Any statements we do make about such a “deep” reality separate from us can never become subject to proof, or to disproof, and that makes them “meaningless” (or “noise”).
(2) Any meaningful scientific or existential or phenomenological statement reports on how our nervous systems or other instruments have recorded some event or events in space-time.
The reader has read several variations on this, and performed exercises designed (I have hoped) to make this experientially clear, and yet Wigner’s argument probably still sounds a bit
“queer” to some of you out there. Well, it concerns only probabilities as I said again at the beginning of this chapter, and (1) it does not attempt to describe a “deep” reality separate from us and (2) it does describe the kind of “reality” we can experience with our nervous systems and other instruments, so the Wigner argument qualifies as meaningful scientific speech.
Let us try it in reverse. The “common sense” verdict would say, “Well, the damned cat is either dead or alive, even if nobody ever opens the box.”
Since, by its own terms, this can never become subject to test, it has no meaning. As soon as a test does occur, and somebody peeks into the box, we have left “common sense” and / or Aristotelian “reality” and entered operational non-Aristotelian “reality”. In short, once a test occurs we enter the area of science, of existentialism, and of meaningful speech. Without a test, we remain in the area of noise – “sound and fury signifying nothing,” as the Bard said.
“The cat is alive or dead even if nobody looks” has an uncanny resemblance, if you think about it, to that other famous “isness” statement, “The bread is now the body of Jesus Christ, even if every instrument still registers it as bread.” Such non-instrumental, non-existential “truths”
may make good surrealist paintings or poems – they may provoke creativity and imagination, etc.
– but they do not contain information or meaning in any phenomenological context.
But “we” of course remains undefined above.
If we define “we” as the folks in the laboratory, then meaningful speech begins when the box opens. If we define “we” as the folks in the hall, rubbing shoulders with Wigner’s Friend, meaningful speech begins when Ernest opens the lab door and says “Live cat again.” If we define
“we” as the physicists across the ocean, meaningful speech begins when the electronic signal arrives…
I know, I know. It all sounds very weird.
That’s why Einstein had to remind us, “Common sense tells us the earth is flat.”
Please note, that, even if “The cat is dead or alive even if nobody looks” may fit the meaningless category, but “The cat is dead” and “The cat is alive” do not fit that category.

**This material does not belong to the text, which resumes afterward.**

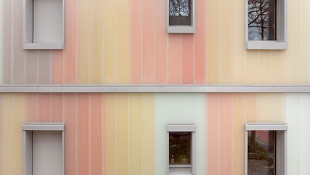 Wer die Straße entlanggeht, sieht erst mal nur recht neutrales Milchglas – die Lärm, Schmutz und Vandalismus abwehrende, aus industriellem Profilglas gefertigte Fassade des Projekts, die rückgebaut werden kann. Dahinter aber verbirgt sich eine bunt gefärbte Dämmung, ein Kaleidoskop der im Viertel vorgefundenen Hausfarben, das erst erstrahlt, wenn der Betrachter direkt vor dem Haus steht. Ebenso eigen wie die „ortsübliche Farbgebung“ interpretierten die Planer eine weitere Vorgabe der Behörden: Ein „Satteldach“ hat das Haus nur in Form aufgeständerter PV-Module.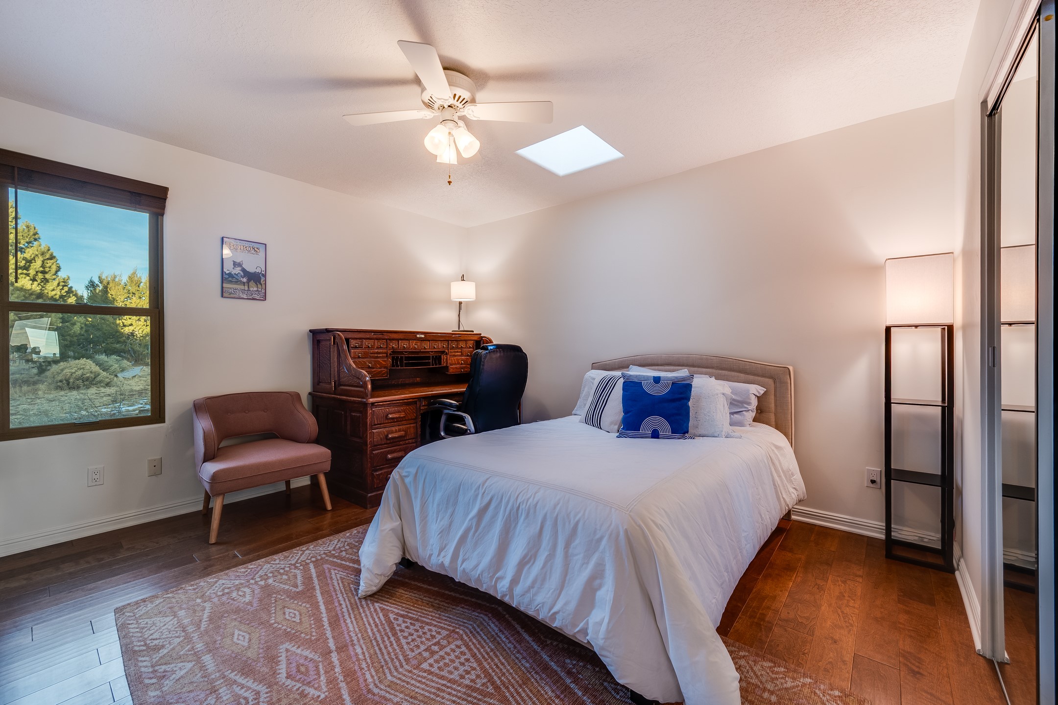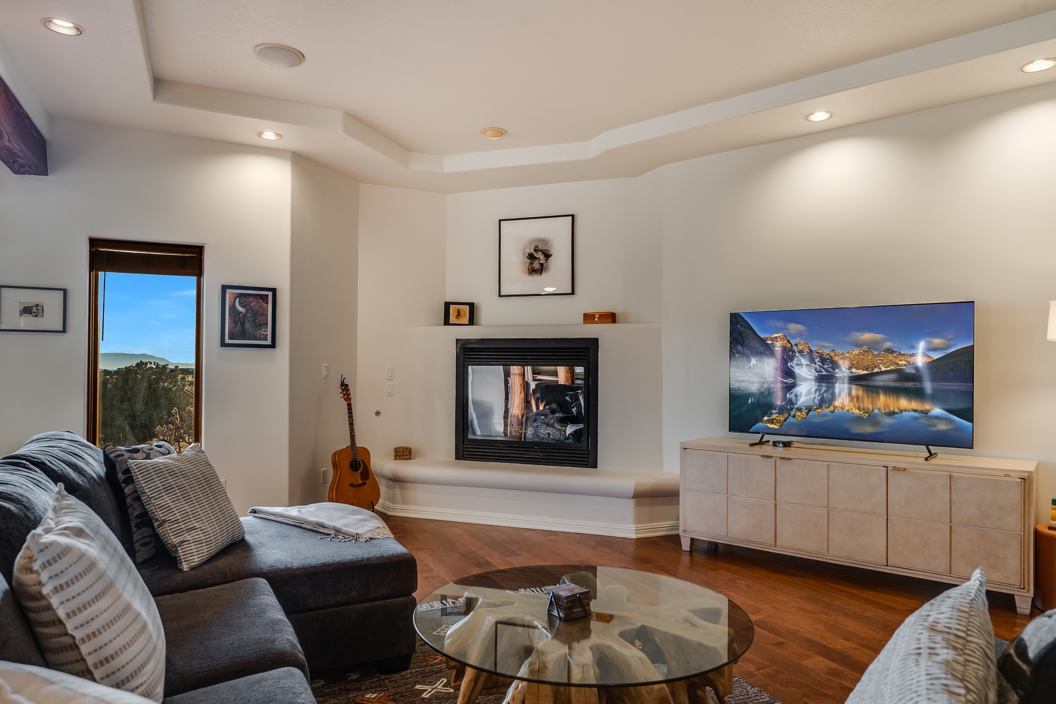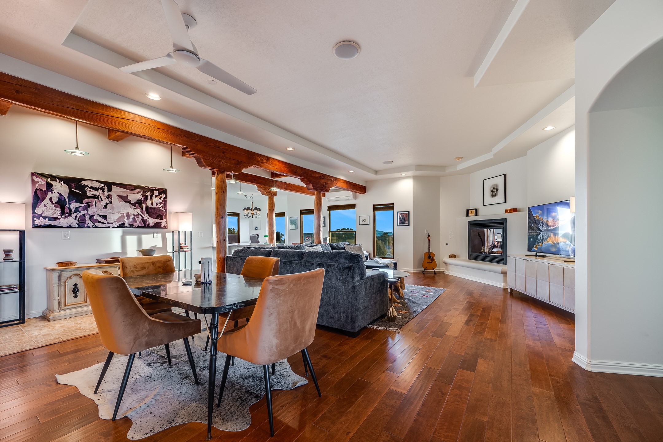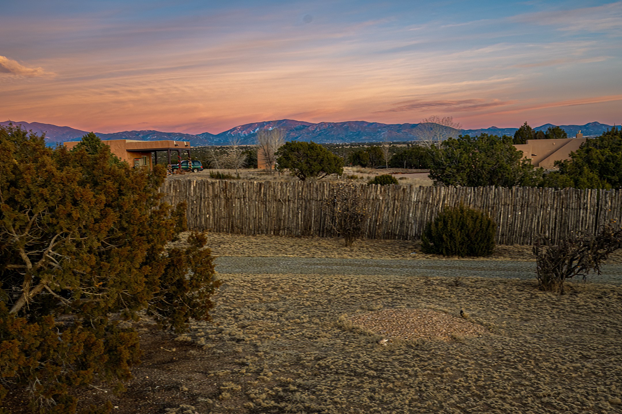 This spacious light view filled home offers a great value! Through the gated entry and into an extraordinarily captivating entrance this home feels like it is miles from everyone and yet it's within the neighborhood. Just a few minutes drive to Las Campanas and another few minutes to 599. This location is ideal for Living in style in the Northwest aea of Santa Fe.Each bedroom has views, natural light, access to the outside portals and ensuite baths. The natural minimalist landscaping is easy to maintain attractive from outside areaa, there is hard wiring lighting to the trees and irrigation.in addition why not have a party, there's plenty of within the grounds parking as well as a detached carport replete with Vegas and a propanel roof perfect for your recreational vehicles. There is also an attached two-car garage that is finished inside.Two fireplaces, Excellent storage and all the amenities one would expect can be yours. This is move-in ready.

They fit the category of the indeterminate. Remember the distinction between the indeterminate and the meaningless?
Thus, “Somebody put a time bomb under the table” does not qualify as a meaningless statement, even if nobody has looked yet. The odds seem very high that somebody will look, if you speak this loud. In fact, probably everybody will look…
The statement remains “indeterminate” in the time between hearing it and actually checking under the table carefully. Then it becomes either “true” or “false”.
Got it?
Non-Aristotelian logic deals with existential / operational probabilities. Aristotelian logic deals with certainties, and in the lack of certainties throughout most of life, Aristotelian logic subliminally programs us to invent fictitious certainties.
That rush for fictitious certainties explains most of the Ideologies and damned near all the Religions on the planet, I think.